[DataFlow runtime] Phase C — colocated lightweight control plane#636
Conversation
Colocated runs now pay nothing for the disagg control plane on the SAME code path (plan.md §C / roadmap domain-refactor.md §C). DeploymentMode becomes load-bearing rather than decorative. - NoOpMetadataStore: a MetadataStore that retains nothing (no dedup index, no durable marker) for local_colocated runs. - resolve_control_plane(mode, run_id) -> (controller, durable_ack): local_colocated gets the no-op store + durable_ack=False (loader releases features as it consumes them); dataflow_colocated/disaggregated keep the durable store + optimizer-boundary ack. Disagg builders are untouched. - build_offline_runtime / build_online_runtime route through the selector and thread durable_ack; the domain Trainer skips the ack transaction and the offline enqueue when durable_ack is False. Gates: test_noop_metadata_store (contract + selection, CPU) and test_colocated_vs_disagg_equiv (per-step loss bit-identical across the no-op colocated and full disagg control planes — only the control plane differs). Co-Authored-By: Claude Opus 4.8 <noreply@anthropic.com>
There was a problem hiding this comment.
Code Review
This pull request introduces a lightweight local_colocated deployment mode to bypass the overhead of the disaggregated control plane, adding a NoOpMetadataStore and a resolve_control_plane helper. Feedback on these changes highlights several important improvements: defining a default no-op lambda for ack_fn in Trainer to prevent potential TypeErrors, validating the deployment_mode parameter to avoid silent misconfigurations, dynamically allocating ports in tests to prevent collisions, and cleaning up temporary directories to avoid disk space leaks.
Important
The consumer version of Gemini Code Assist on GitHub is being sunset.
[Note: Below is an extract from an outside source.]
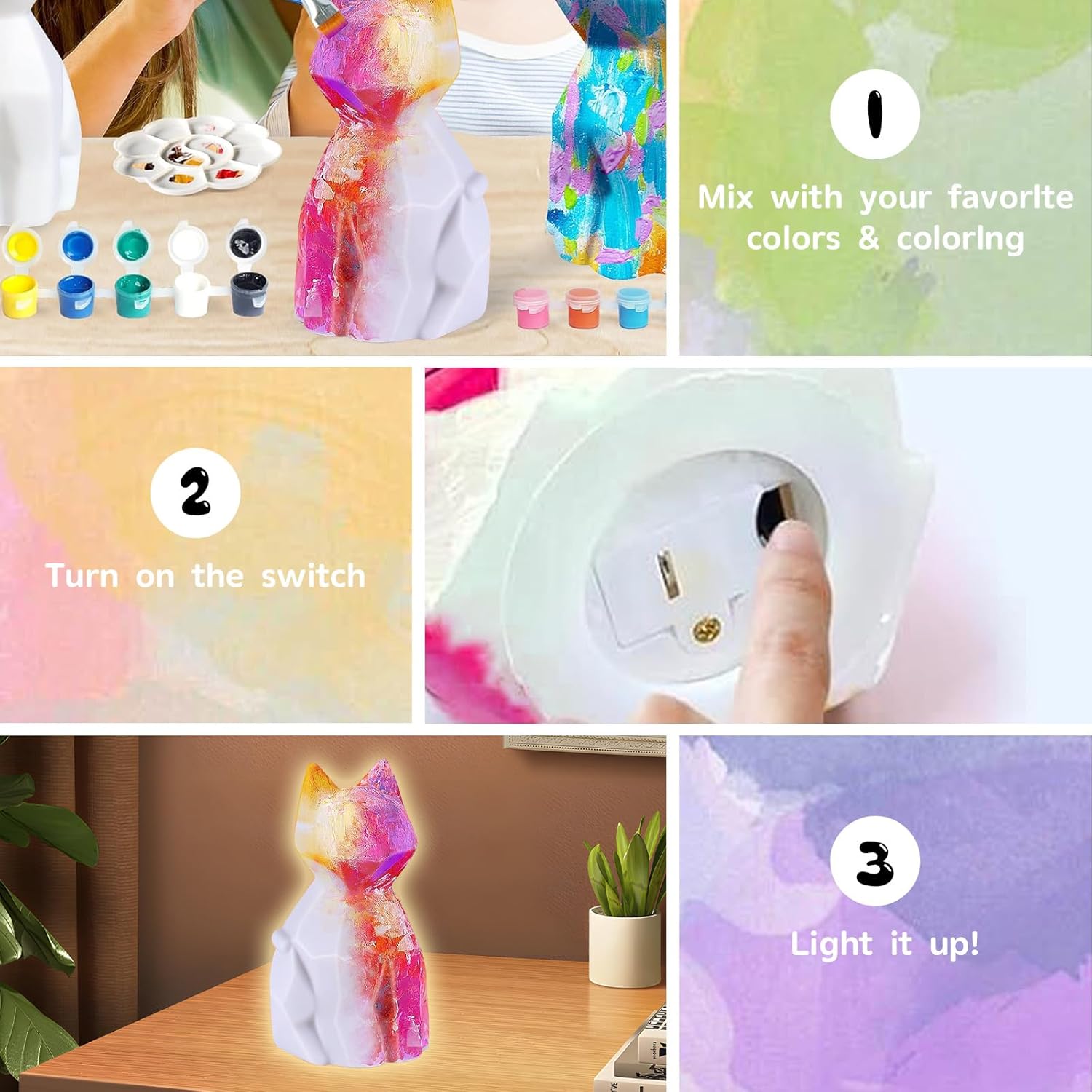 Scatena il divertimento creativo con il nostro kit "Dipingi la tua lampada a forma di gatto" Immergiti in un'esperienza creativa perfetta. Questo kit completo include 1 adorabile lampada a forma di gatto, 12 colori vivaci, una pratica tavolozza e 2 pennelli: tutto il necessario per ore di divertimento artistico. Ideale per bambini e adolescenti amanti dei lavoretti dai 4 ai 12 anni, è il progetto artistico e creativo per eccellenza. Le batterie sono incluse, quindi il divertimento inizia non appena il tuo capolavoro è completato. Impara giocando: kit artistico educativo e coinvolgente Unendo divertimento e sviluppo delle competenze, questo set creativo a forma di gatto migliora le capacità motorie fini, il riconoscimento dei colori e la concentrazione. Attraverso la pittura pratica, i bambini sviluppano pazienza e creatività, divertendosi con un'attività coinvolgente pensata per giovani artisti, particolarmente apprezzata dalle bambine dagli 8 ai 12 anni. Illumina il tuo spazio con decorazioni personalizzate Una volta dipinta, la lampada a forma di gatto diventa un'affascinante luce notturna o una decorazione per la stanza! Lascia che i bambini espongano con orgoglio le loro opere d'arte illuminando il loro spazio. Perfetto per ispirare la creatività e aggiungere un tocco personale a qualsiasi camera da letto o area gioco, ideale per gli appassionati di arti e mestieri dagli 8 ai 12 anni. Kit creativo sicuro, atossico e facile da pulire Realizzato pensando alla sicurezza dei bambini, questo kit di pittura è dotato di colori atossici e lavabili e di un design intuitivo. La lampada a forma di gatto dalla forma speciale rende la pittura divertente e accessibile, perfetta per i bambini amanti dei gatti che amano i lavoretti manuali. Goditi la tranquillità mentre creano. Il regalo perfetto per gli amanti dei gatti e gli appassionati di artigianato Che sia per Natale, compleanni, Pasqua o semplicemente per un regalo, questa lampada a gatto personalizzabile è un regalo memorabile e sentito. Adatto a tutte le età, è un modo meraviglioso per celebrare gli amanti dei gatti e gli appassionati di arti e mestieri. Un regalo unico e personalizzato che sicuramente delizierà.

Starting June 18, 2026, new organization installations will be blocked, and all code review activity will officially cease on July 17, 2026.
For more details on the timeline and next steps, please review the Help Documentation.
| ack_fn = None | ||
| if durable_ack: | ||
|
|
||
| def ack_fn(ids, step): | ||
| controller.ack_train_refs( | ||
| trainer_id, ids, global_step=step, optimizer_durable=True | ||
| ) | ||
|
|
There was a problem hiding this comment.
If TrainerController expects ack_fn to be a callable, passing None when durable_ack is False will result in a TypeError when it is invoked. It is safer and more robust to define ack_fn as a no-op lambda by default.
ack_fn = lambda ids, step: None\n if durable_ack:\n\n def ack_fn(ids, step):\n controller.ack_train_refs(\n trainer_id, ids, global_step=step, optimizer_durable=True\n )| if deployment_mode == "local_colocated": | ||
| store: MetadataStore = NoOpMetadataStore() | ||
| durable_ack = False | ||
| else: | ||
| store = ( | ||
| SQLiteMetadataStore(metadata_db_path) | ||
| if metadata_db_path | ||
| else InMemoryMetadataStore() | ||
| ) | ||
| durable_ack = True |
There was a problem hiding this comment.
To prevent silent misconfigurations or typos in the deployment_mode parameter, it is highly recommended to explicitly validate the mode against the expected values and raise a ValueError for unrecognized modes.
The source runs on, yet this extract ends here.